Shortly into our conversation, he asked me point blank, “Like what else is there? God? Heaven? There’s gotta be. What do you think about all that?” His brown eyes lit up in hope of my answer. The silence hung above us like yellow air masks had just fallen from the ceiling, their tubes dangling awkwardly between us from a sudden change in cabin pressure. I probably reached for my mask, but it wasn’t there.
I don’t know if I’ve met someone so eager to know about God since then. Someone who was completely open to the gospel. Call it spiritual hunger or a deep thirst for God. Whatever it was, he wanted to know how I could help him. Even after I stuttered for about fifteen seconds, he asked me again, “Do you ever think about that?” But I didn’t give him the water.
Shame and Stammering
I’ve never loved putting my beating heart on the table. That is also what keeps me from sharing. The fear of rejection and subjection and objection to the person God made me to be, the me who feels fleshy and boney, completely and frustratingly imperfectly human, the girl who used to dance in her driveway unashamed.
I don’t love putting it out there—my thoughts, feelings, and stories. It’s hard to be honest and sometimes I’m not. I fumble and stumble, mumbling, “What am I doing?”
On that plane with the soldier I stammered instead of sharing. He walked off without knowing a bit of the God I knew. I said nothing about my faith or Christ or heaven. I froze. I can still see his silhouette in camo with his army pack slung over his back, people milling about, as his eyes searched for which route to take, smack dab between Arrivals and Departures.
To this day, if you ask me to share a bit of myself, I hesitate. Because I’ve shared myself before and it’s been either not enough or too much. Never the right amount for this world. Wounds sting, and yet, something in me sings, “Keep sharing.”
Carpe Diem Responsibility
When we don’t share, the truth dies. When we don’t offer who we are and the work of the Lord in our lives, the reshaping, remaking and rewriting of our messy lives, nobody wins. And something passes—a moment, an opportunity, connection, relationship. A soul.

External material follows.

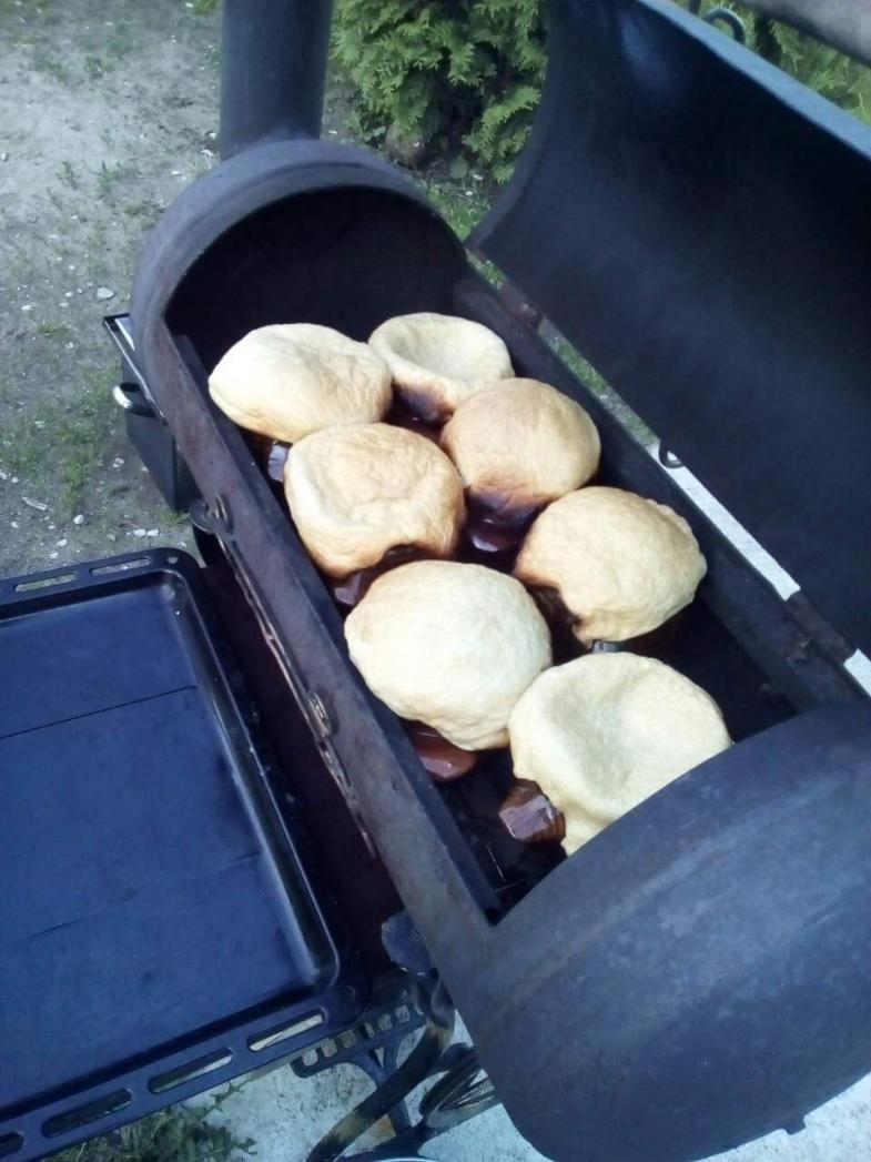 Угли набрали жар и горшочки отправляются в мангал, по времени стояли они 50 мин. Крышки из теста стали хлебом пропитанные дымком и ароматом самого блюда. Ну и чуть чуть по писят с соседом домашнего напитка за хорошую погоду и хороший сезон 2017.

Yes, that much can ride on our sharing. If you’re a Christian, if you make anything that adds beauty or truth to this world, you have a responsibility to share the freedom that sets people free. Because the truth must win. Hearts are hurting. When we stop looking at our ourselves full of hurts and scars and instead, bear them well, share them well, the world doesn’t win anymore. The lies start losing. The pain dies and healing comes to light, shouting.
We find ourselves suddenly willing to go to the dark places with people who need someone to be with them in their suffering and searching. Shame stops when we share that Jesus is real.
Something I’ve noticed about my favorite writers is they tell the same stories over and over. They may tell it in a slightly modified form, shorter or longer, but nonetheless, it is being retold. Each time, the stories grow in clarity and momentum. The same happens with us.
If your work is words, like mine, you know the feeling of your heart beating on the table, raw, open to critique and judgement. Yes. Share it. Risk it. Tell it. Again and again. Each time we bring our shattered story into the light, we fear less, and love more. The world is crying out to hear the work of redemption.
I share this story for the soldier. Despite my silence years ago, I pray he found the destination he sought and the God who loves him. Keep telling your Jesus story until shame and thirst are quenched in your heart and the world’s. Then get up and do it again.